先月24日、千葉県野田市で小学4年の栗原心愛(みあ)さんが自宅浴室で死亡し、父の勇一郎容疑者が傷害容疑で逮捕された。司法解剖では、死因は明らかになっていない。心愛さんは学校のアンケートで、「夜中に起こされたり、起きているときにけられたりたたかれたりしています」と父親からの暴力を訴えていたという。この回答のコピーが、勇一郎容疑者の要求によって市教育委員会から渡されていたことが明らかになり、市と同委員会に抗議が寄せられている。

新聞報道によれば、アンケートでの訴えをもとに、心愛さんは2017年11月7日~12月27日まで県柏児相に一時保護された。近くの親族宅での生活を経て、18年3月初めから両親との同居を再開。その後も虐待は続いたと見られている。一時保護の解除について、2日の読売新聞では次のように説明されている。

一時保護に腹を立てた栗原容疑者が「誘拐だ」などと猛反発したことが背景にあった。
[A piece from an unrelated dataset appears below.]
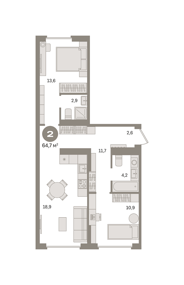 Купить новую двухкомнатную квартиру 64.7 м² на 6/8 этаже в ЖК «Первый квартал», г. Тюмень за 13680000 ₽ | Агентство недвижимости «Вплюсе.Топ» — Недвижимость России

栗原容疑者は、児相との面談でも「心愛さんへの虐待」を頑として認めず、児相は12月27日、父親への恐怖心が和らいできたなどとして、一時保護を解除した。

同居再開後も学校や市、児相で見守りを続けてきたが、今年に入ってからの長期欠席に対して児相の自宅訪問は行われなかったという。

先月29日の朝日新聞夕刊によれば、勇一郎容疑者は県警の調べに対し「しつけで、けがをさせるつもりはなかった」と供述している。苛立ちや怒りといった感情にまかせて子どもに苦痛を与えるようなやり方は、しつけとは呼べないだろう。

虐待を受けた子どもの保護やケアは重要だが、親の行動や認識が変わらなければ問題は根本的には解決しない。子どもとの関係がうまくいかない背景として、自身も幼少期に親から暴力を受けていた、子育ての悩みや経済的不安を抱えて孤立している、などのケースがある。自身の被虐待経験から体や心の暴力を正当化してしまったり、精神疾患等によって共感力が乏しくなっていたりして、虐待を認められないことがある。こうした背景がいくつも絡み合っていると、一時的なカウンセリングや指導だけではどうしても不十分になる。

私は、つきまといや待ち伏せなどのストーカー被害に遭っていたことがある。相手は同じ大学の学生だったため、大学や友人などを通じて注意をしてもらったが、完全に止めることはできなかった。なぜ私に執着するのか、「やめてほしい」と何度も訴えているのにどうしてストーキングを続けてしまうのか、といくつも疑問を感じた。自分もいろいろな人に話を聞いてもらったが、真に支援が必要だったのは相手の方ではなかったか。

虐待に限らず、人を力や恐怖によって支配し、傷つけることは断じてあってはならない。心愛さんが亡くなった事件では、一時保護の解除時に父親に対してどのような根拠で評価がなされていたのか、その判断は妥当だったかという点を、さらに検証していくことが必要だ。